PROBLEM TO WORK ON: Strip out the pictures and output each remaining line of the data word for word.

DATASET EXCERPT:
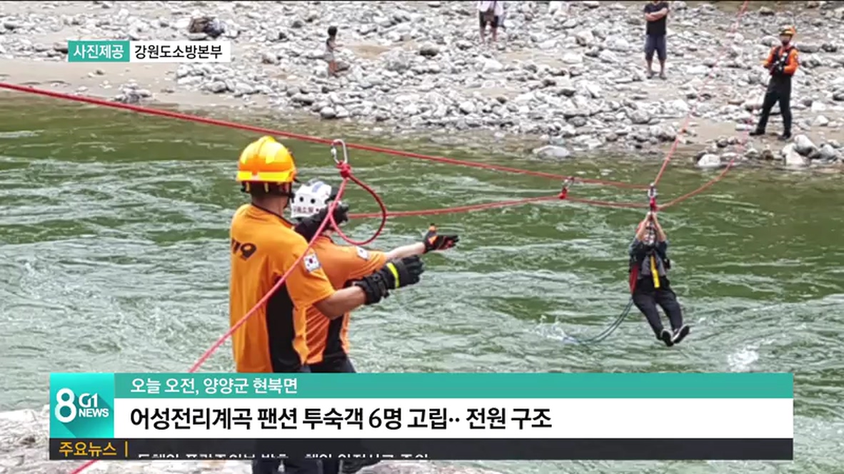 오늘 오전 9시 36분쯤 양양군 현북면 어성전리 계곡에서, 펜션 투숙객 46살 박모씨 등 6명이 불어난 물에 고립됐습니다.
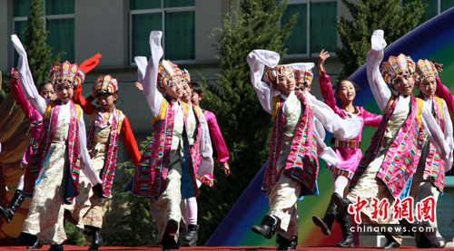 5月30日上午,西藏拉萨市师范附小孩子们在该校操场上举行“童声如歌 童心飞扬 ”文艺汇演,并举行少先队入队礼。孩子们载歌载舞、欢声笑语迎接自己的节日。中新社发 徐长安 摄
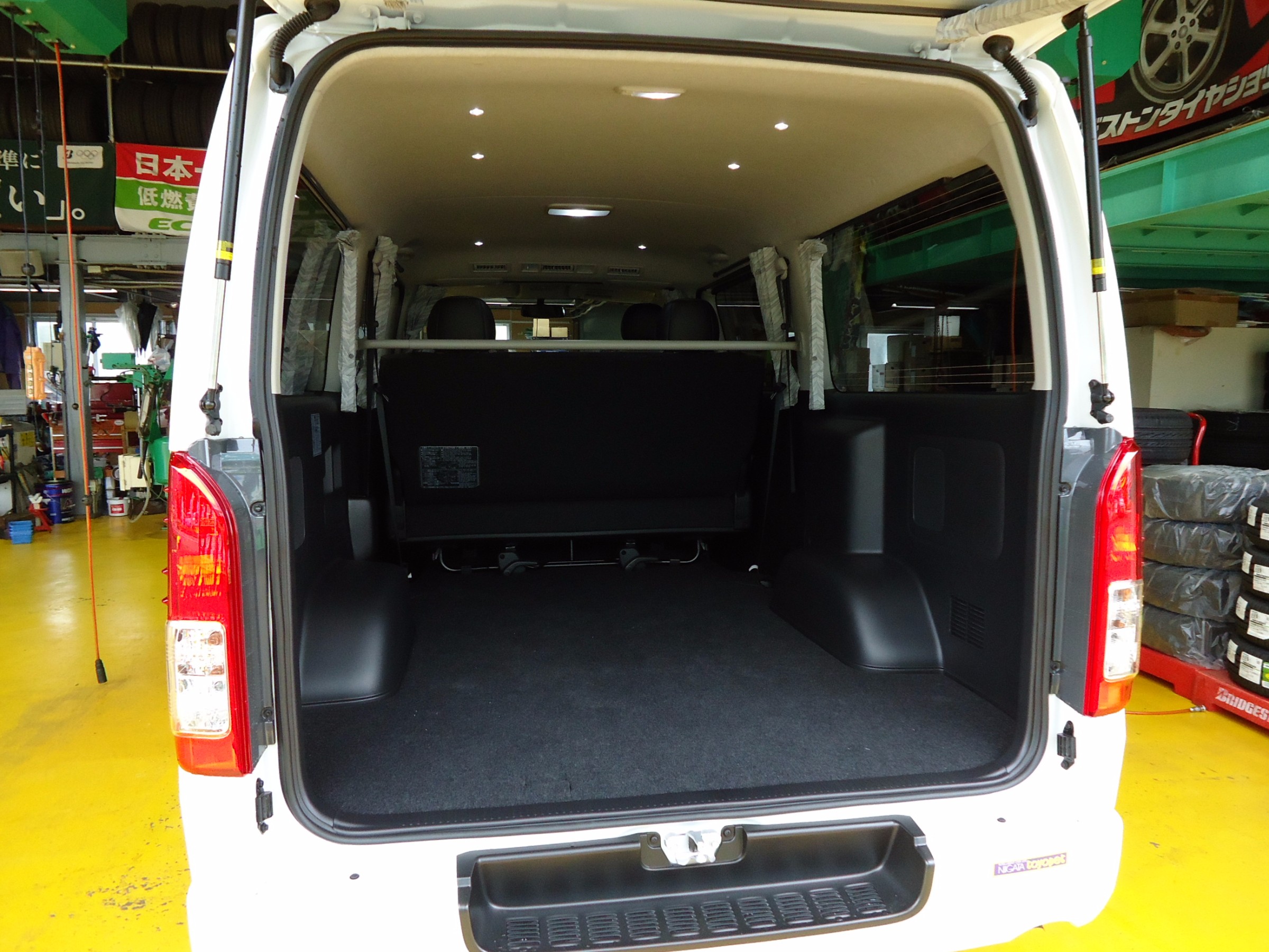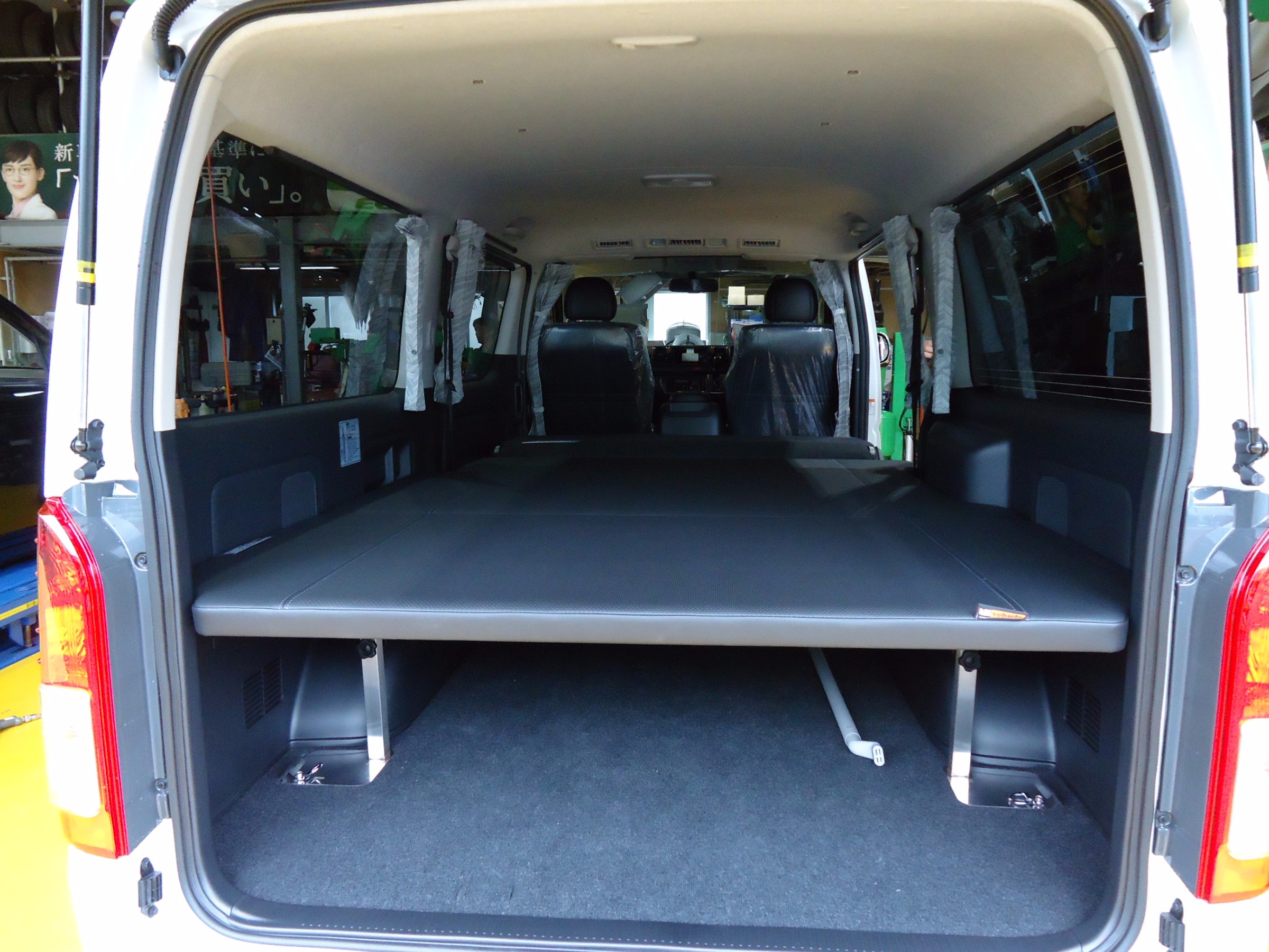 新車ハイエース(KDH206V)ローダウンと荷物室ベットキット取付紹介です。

SOLUTION TO THIS TASK:
 오늘 오전 9시 36분쯤 양양군 현북면 어성전리 계곡에서, 펜션 투숙객 46살 박모씨 등 6명이 불어난 물에 고립됐습니다.
 5月30日上午,西藏拉萨市师范附小孩子们在该校操场上举行“童声如歌 童心飞扬 ”文艺汇演,并举行少先队入队礼。孩子们载歌载舞、欢声笑语迎接自己的节日。中新社发 徐长安 摄
 新車ハイエース(KDH206V)ローダウンと荷物室ベットキット取付紹介です。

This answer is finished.